Technology has revolutionized the way we communicate, breaking down barriers across languages and enabling greater connection and understanding, ultimately leading to more inclusion and greater accessibility.
Live audio transcription and translation tools have limitations for the deaf and hard-of-hearing due to sign language's complex combination of fast-paced hand gestures, facial expressions, and full body movements. While machine learning models can handle facial expressions and body movements, detecting hand and finger movements remains a challenge.
With the current technology we are able to detect simple hand gestures - but in order to be able to understand the full spectrum of Sign Language we need better hand and finger detection.
How do we make sure that the deaf and hard of hearing gets equal access to language tools? And how can we help accelerate the development of better hand and finger detection - so we, in the end, can create these tools?
Launched to celebrate the American Sign Language Day (April 15th), GiveAHand.ai is using tech for good.
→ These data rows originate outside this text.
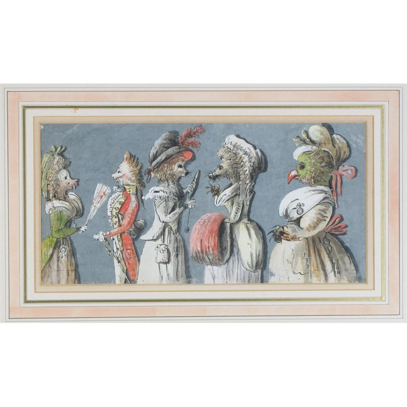 Isaac Cruikshank (c.1756-1811/16): Caricatures of Birds and Animals, pen, ink and watercolour, 14.5 x 29.5cm (5.75 x 11.5in).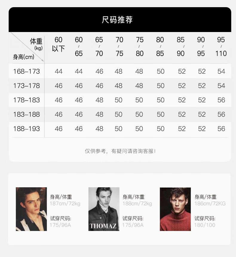 China (cm) 160-165/84-86 165-170 / 88-90 167-172 / 92-96 168-173 / 98-102 170-176 / 106-110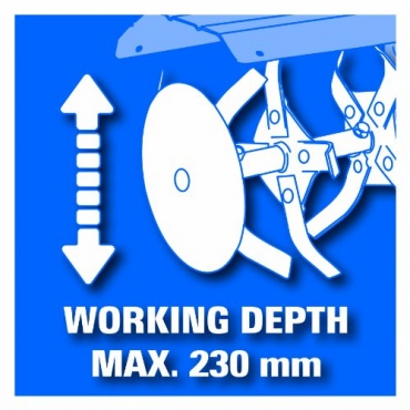 Die Einhell BG-MT 3360 LD Benzin-Bodenhacke verfügt über einen 1-zylindrigen 4-Takt-Motor. Der Bremssporn und die Führungsgriffe sind höhenverstellbar. Damit lässt sich sowohl die Arbeitstiefe als auch die Griffhöhe für die jeweilige Körpergröße optimal einstellen. Ein schwenkbares Führungsrad und die seitlichen Begrenzungsscheiben helfen dabei, die Führung zu verbessern und den Standortwechsel zu erleichtern.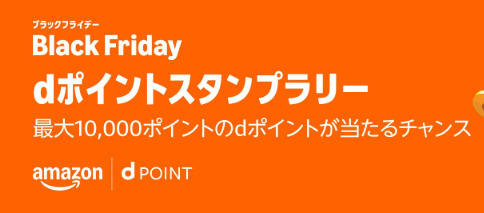 ドコモの「dアカウント」(ドコモ契約者以外でも作成可)とAmazonアカウントを初めて連携すると、最大1万ポイントが貰えるキャンペーンがブラックフライデーに合わせて開催中です。

One hundred percent crowdsourced, the data collected in the platform will generate a diverse dataset of hands: diverse shapes, colors, backgrounds and gestures.
So that, anyone can put their hands to good use, by contributing and uploading images, helping to build an image library that will help unlock sign language. Researchers can then download and use these fully tagged images to improve their machine learning models that will allow the detection and translation of the full spectrum of Sign Language.
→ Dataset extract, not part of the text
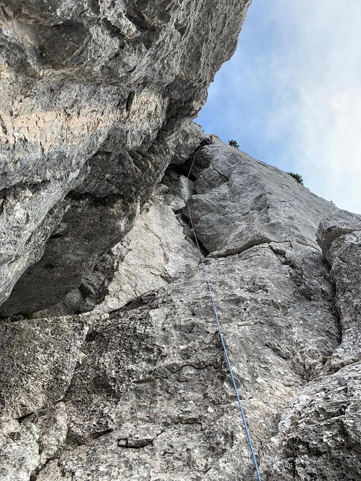 Trotzdem, deswegen oder erst Recht ging’s im Morgengrauen zur Predigtstuhl Westwand, „Direkte Nordwestrisse“ – Julius berichte. Viel (mehr) gibt’s nicht zu sagen (ausser vielleicht, dass man irgendwie zur mehr oder weniger offensichtlichen Schwachstelle im Wandriegel nach dem Ostler-Zustieg finden muss, danach einfach den H und schönsten Rissen nach… und dass alle Stände mit 2 neuen Schlaghaken markiert wurden), daher Zitat Philipp: „war ja wohl die geilste Seillänge bisher im Kaiser“ …das spricht für sich (bzw. für die Route) ?! Um 11:00 stehen wir im Bonzog-Kessel, Nebel zieht um die höchsten Kaisergipfel, die Westkante am Südgipfel wird gegen pünktlich heim kommen eingetauscht…mal wieder… was auch das Stichwort bleibt: wir kommen Mal wieder!

GiveAHand.ai was developed alongside the American Society for Deaf Children. Its aim is to create an extensive dataset/database of hands, fully tagged with 3D keypoints.
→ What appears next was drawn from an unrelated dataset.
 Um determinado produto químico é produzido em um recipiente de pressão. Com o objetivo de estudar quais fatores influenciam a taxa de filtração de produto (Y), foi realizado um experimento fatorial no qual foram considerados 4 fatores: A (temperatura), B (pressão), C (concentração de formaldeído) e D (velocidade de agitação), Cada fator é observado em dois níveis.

The website is designed to be incredibly simple for both those lending a hand, and those who want access to our dataset. Adding your hand is as simple as taking a picture on your webcam and instantly uploading it - it requires nearly no explanation, and takes less than a minute to complete.
Once the hands are uploaded, they are added to the image library and tagged to allow researchers and developers access to a diverse collection of hands to improve machine learning.
“Donating” a hand to our dataset is one of the easiest ways to help create accessibility of sign language for all, and can be done from anywhere, by anyone - which allows for a fully inclusive and varied dataset to be created.
The American Society for Deaf Children aims to empower diverse families with deaf/hard-of-hearing children and youth by embracing full access to language-rich environments through mentoring, advocacy, resources, and collaborative networks. With GiveAHand.ai we want to build on this commitment to give these families equal access to language tools.
We launched on American Sign Language day - 15th of April, and despite having no media budget, we have reached conversions far beyond what we projected. On average each visitor contributed a hand, which means 1 visitor equals 1 hand. And, within the first 5 days we are already ⅓ of the way towards becoming the world’s largest fully manually tagged, and open, dataset for finger and hand detection.
AI researchers are already looking for ways where they can use this data to improve their current machine learning models.
As the dataset grows, so does the opportunity for creating better hand models, and to create a sustainable solution to overcoming the sign language barrier for good.